Bogdan Hoanca is a Professor of Management Information Systems in the College of Business and Public Policy. Dr. Hoanca's research areas include Information Security and Privacy, Societal Implications of Technology, Computer Networking and Signal Integrity. His terminal degree was granted by the University of Southern California in Electrical Engineering. Dr. Hoanca's Ph.D. dissertation is titled, "Optoelectronic enhancements to  single instrument multilple data computing architectures."

Dr. Eric Holmberg

Eric Holmberg, Ph.D. is a biochemist who studies the transformation of cells of the central nervous system using specific drug delivery vehicles, the effects of migration on the physiology of Pacific Salmon, therapeutic drug delivery systems: drug delivery by target-sensitive and pH-sensitive immunoliposomes, immunochemistry of drug delivery, proton flux in renal membrane vesicles, physical interaction of organic pH sensitive molecules with artificial and biological transport in renal membrane vesicles, and the binding of water transport inhibitors to red blood cell membranes, just to mention a few interests. Dr. Holmberg has published several peer-reviewed articles and has been teaching for over 20 years.


Patents Celebrating Innovation, Invention and Entrepreneurship

Gaze Tracking and Iris Scanning

U.S. Patent 7,986,816 B1

Dr. Kenrick Mock and Dr. Bogdan Hoanca 20110928-Mock_Kenrickwere granted their patent on July 26, 2011 for "Methods and Systems for Multiple Factor Authentication Using Gaze Tracking and Iris Scanning." The professors worked on this project over the past four years with funding from UAA grants and the National Science Foundation. This year, Dr. Mock and Dr. Hoanca received an additional NSF grant to purchase a portable Magnetic Resonance Imaging (MRI) unit to further this work.

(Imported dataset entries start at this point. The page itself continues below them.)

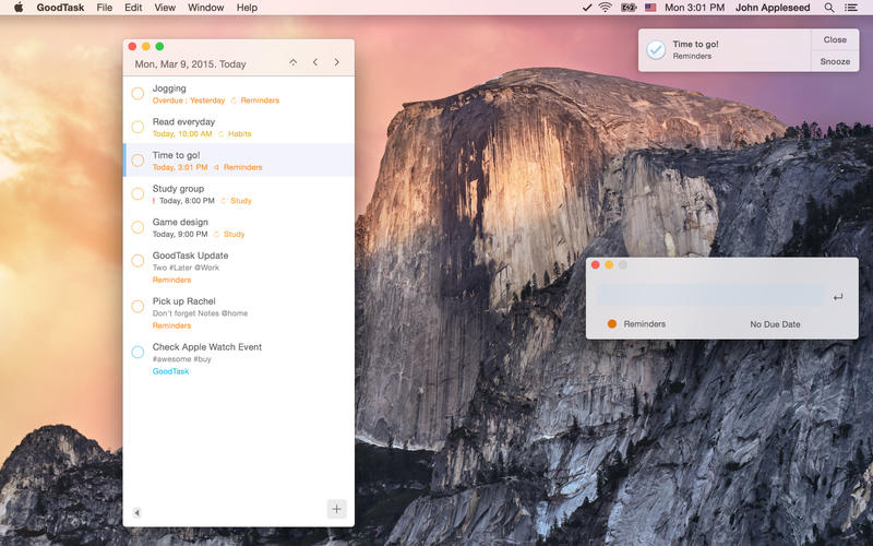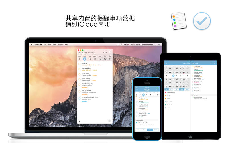GoodTask是一个强大的提醒器客户端,但它也显示日历上的事件。扫一眼你的日程表,你就可以马上检查你的任务。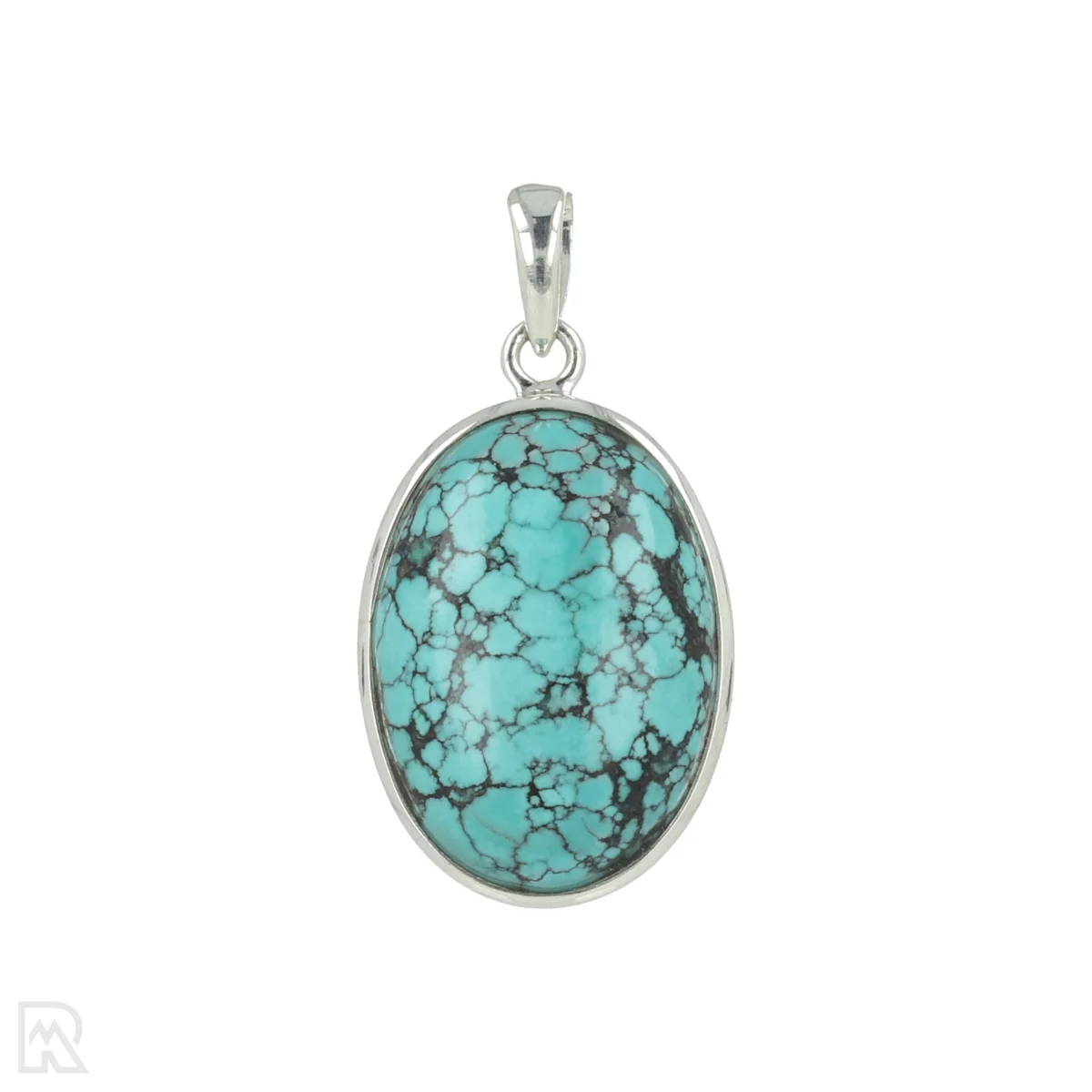 Turquoise is an opaque, blue to blue-green phosphate mineral that has been valued as a gemstone for thousands of years. The colour results from the presence of copper, while iron sometimes causes a greener hue. Turquoise often occurs with dark matrix lines of surrounding rock, giving it a distinctive appearance. The stone was named after the Turkish trade routes through which it was introduced to Europe.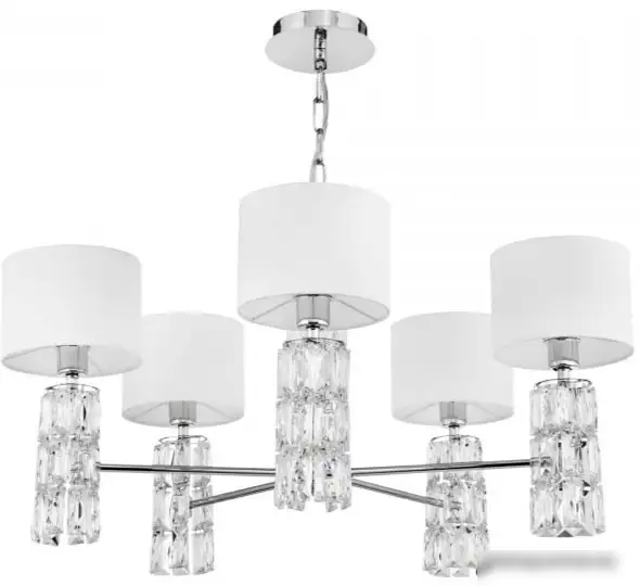 Подвесная люстра Maytoni Talento DIA008PL-05CH станет ярким акцентом в любой комнате. Она оснащена пятью лампами мощностью по 40 Вт каждая, что обеспечивает хорошее освещение. Каркас выполнен из хрома, а плафоны из белого текстиля — создают мягкий и приятный свет. Люстра имеет фиксированную высоту 80,2 см и длину 70 см, что подходит для большинства помещений. Крепится она на планку, легко монтируется на потолок. Управление нет, свет регулируется только включением. Конструкция надежна и проста в использовании. Эта модель подходит для современных интерьеров и легко сочетается с различными стилями.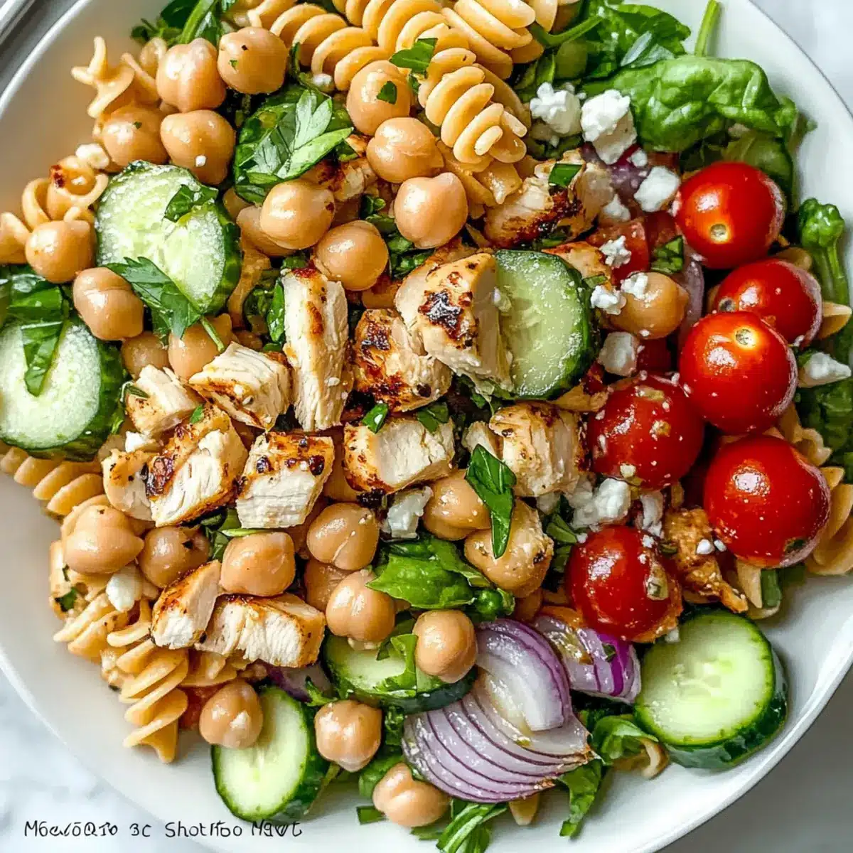 In a large mixing bowl, combine the cooled pasta with diced grilled chicken, drained and rinsed chickpeas, and either edamame or green peas for a protein boost. Add halved cherry tomatoes, diced cucumber, and finely chopped red onion for freshness. If you’re using feta cheese and sunflower seeds, fold them in gently to avoid crushing the ingredients.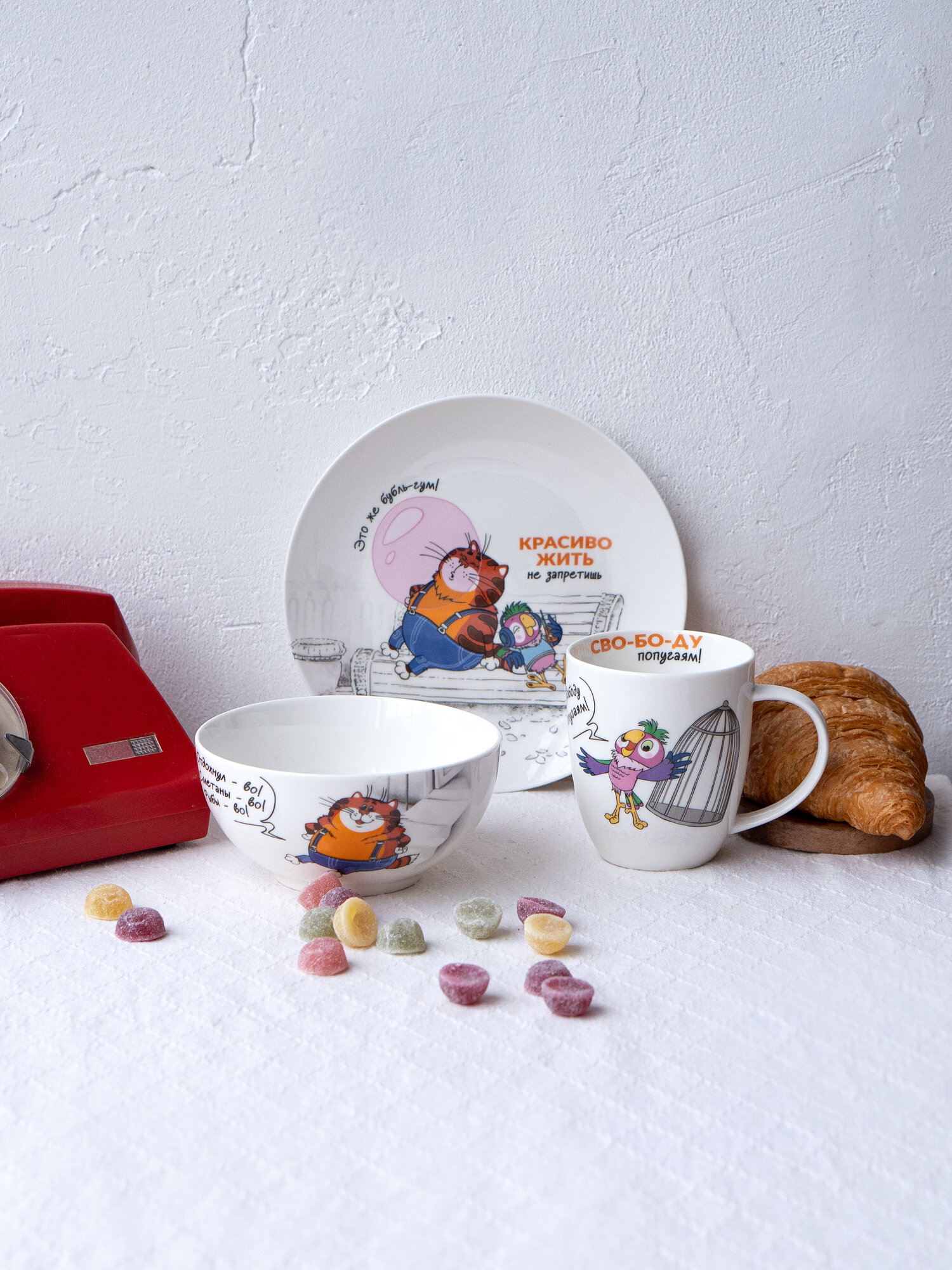 Купить Набор посуды на 1 персону 3 предмета фарфор "Попугай Кеша!" Коралл.
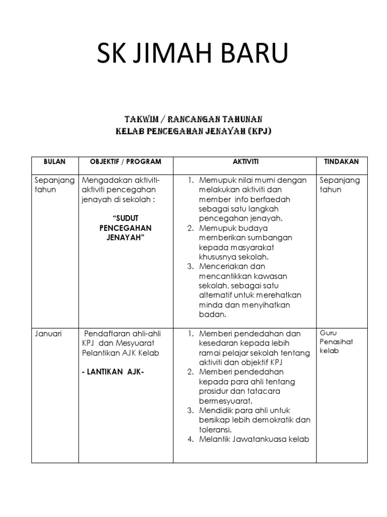 Rancangan Tahunan Kelab Pencegahan Jenayah Pdf
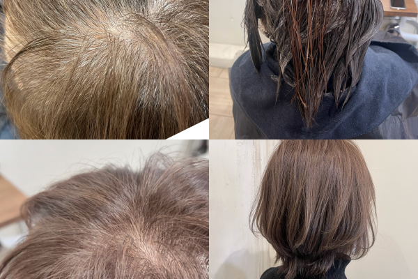 白髪も染まるハイライトを活かしたヘアカラーで赤味を抑えるカラーレシピ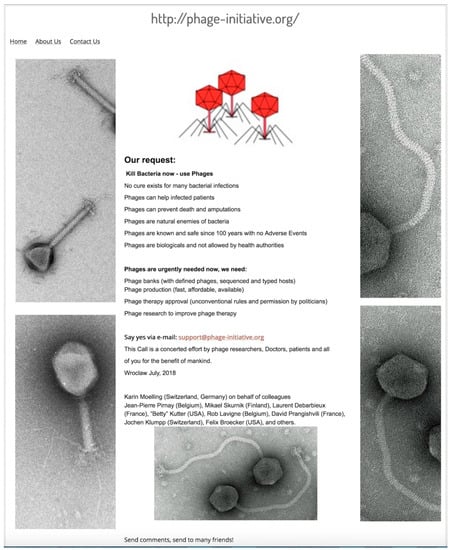 This proposal was initiated during the Viruses of Microbes workshop in Wroclaw, 2018, by a consortium of several phage researchers, asking all participants for support of phage therapy. Around two hundred participants, including many phage experts, agreed. The names of the consortium members are listed on the petition page shown below (Figure 4). Additional information can be found on www.phage-initiative.org, including references about ongoing research under “About Us”. To support the proposal, please send an e-mail saying “yes” to support@phage-initiative.org.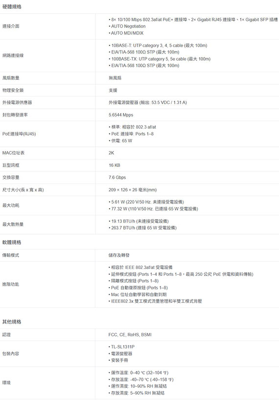 提供 10/100 Mbps RJ45 連接埠*8埠, 10/100/1000Mbps RJ45 Gigabit網路*2埠, Gigabit SFP 光纖*1埠, 8個PoE+連接埠傳輸資料和供電,每個供最高30W, 支援8埠供電高達65W, 延伸模式下可供最高250公尺資料和電力傳輸,相容IEEE 802.3af/at設備, 隔離模式提供一鍵將用戶端流量分離以提高安全性及效能,自動復原功能在PoE受電設備連線不佳或斷線時自動重啟設備,無風扇設計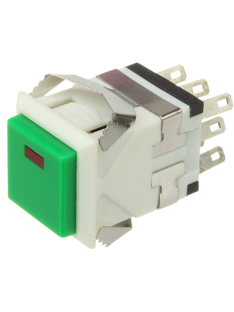 Кнопка 18мм квадратная Зел/белый без фиксации 8PIN подсветка

pH-Sensitive Immunoliposomes and the Method of Gene Delivery to the Mammalian Central Nervous System

U.S. Patent 5,786,214

Dr. Eric Holmberg was granted his patent on July 28, 1998 for "Ph-Sensitive Immunoliposomes and the Method of Gene Delivery to the Mammalian Central Nervous System".  It was applied for on November 11, 1994 based on work done at the University of Alaska Anchorage (UAA) funded by the Spinal Cord Society.  It was developed around a concept of targeted drug delivery to specific sites of disease and injury.  With proper bio-engineering, a molecular assembly is formed that will encapsulate a pharmaceutical and immunologically target a site in an organism. This "magic bullet" concept allows for reduced dosage that accompanies a decrease in adverse side effects and an increased efficacy of administration.  Much of the actual chemistry was done with the assistance of a number of undergraduate students through their research component and biochemistry lab experience.